I hope that this is the appropriate forum for this idea.
All other things being equal, when you downsample a sensor's output to half of native resolution (a quarter of the pixels) you get a noticeably better result than shooting the lower resolution natively (that should be obvious). I only half know what I'm talking about, but the higher resolution image, even when down-sampled to half res, retains 'high frequency' information which would not be apparent in the lower resolution image, even if the final resolution is equal in each case. This means that you can work with lower resolution imagery from importing all the way to delivery without needing to utilize the most powerful and therefore expensive data systems (computers and RAIDs).
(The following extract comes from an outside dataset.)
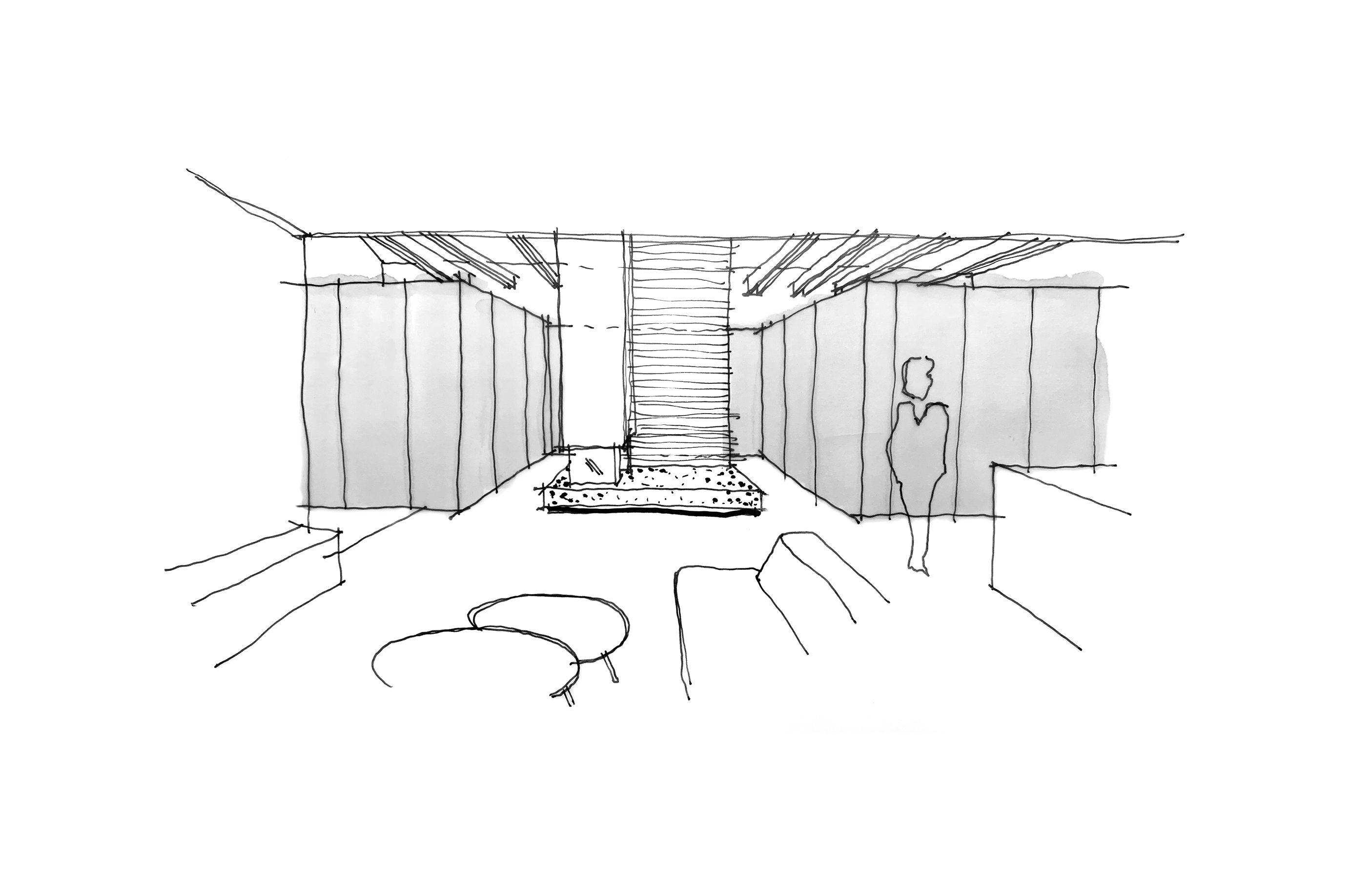 Premena konvenčného priestoru s utilitárnou dispozíciou v nadstavbe bytového domu z roku 1933 na komfortný, veľkorysý staromestský byt si vyžiadala rozsiahle zásahy do takmer všetkých jeho stavebných konštrukcií. Architektonická koncepcia prestavby bytu stojí na štyroch základných myšlienkach, ktorými sú (1) leitmotív centrálneho krbu a komína, (2) atmosféra vzdušného podkrovného bytu, (3) prirodzené denné svetlo a (4) vstavby hygienických a úložných priestorov.

Now, a lot of folks will shoot in full frame (5K on the EPIC) and down-sample to 4K (or HD) and that's great. And I imagine that Dragon users will do the same. But here's the deal: you can arguably get a result 80% as good as flat or down-sampled 4K when you down-sample from 6K to 3K. But you're using 25% of the data.
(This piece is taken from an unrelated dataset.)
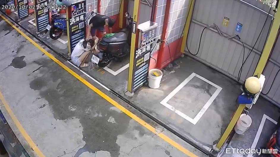 ▲少女和友人到自助洗車場洗電動機車。(圖/記者許宥孺翻攝)
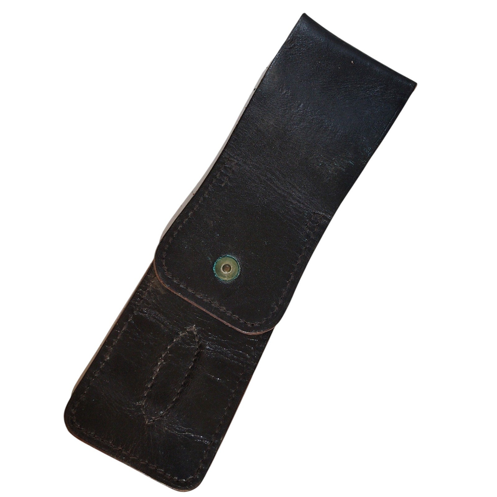 Authentic U.S. Military Police baton/nightstick holster manufactured by Merit Leather in 1958. Constructed from thick black leather with reinforced stitching, this Cold War-era holster was designed to carry a standard MP billy club or nightstick. Measures approximately 3″ wide × 7″ tall when folded, and 10-1/2″ × 3″ when opened.

And the added benefit is that you don't need to deBayer. IOW, instead of colour interpolation, you're combining the colours of each 2x2 photosite grid (which is I think RGBG) into an output pixel.
So you have: minimal moiré (such as it exists - maybe offer a version without a low-pass filter?); a nice, smooth image; a bit less noise (remember that much of it will be carried through, but it will be more pleasant to look at); a result which might not require sharpening; and the 3K file can be used to edit without the need for proxies. Your equipment and storage costs are somewhat less.
Did I mention that you don't need to deBayer? The most data intensive task would be ingestion/importing: the 6K file will be down-sampled as it comes from the REDmag to the hard drive - or perhaps, after it has finished copying. The only problem I can see is colour management. But I have no deep knowledge of that field.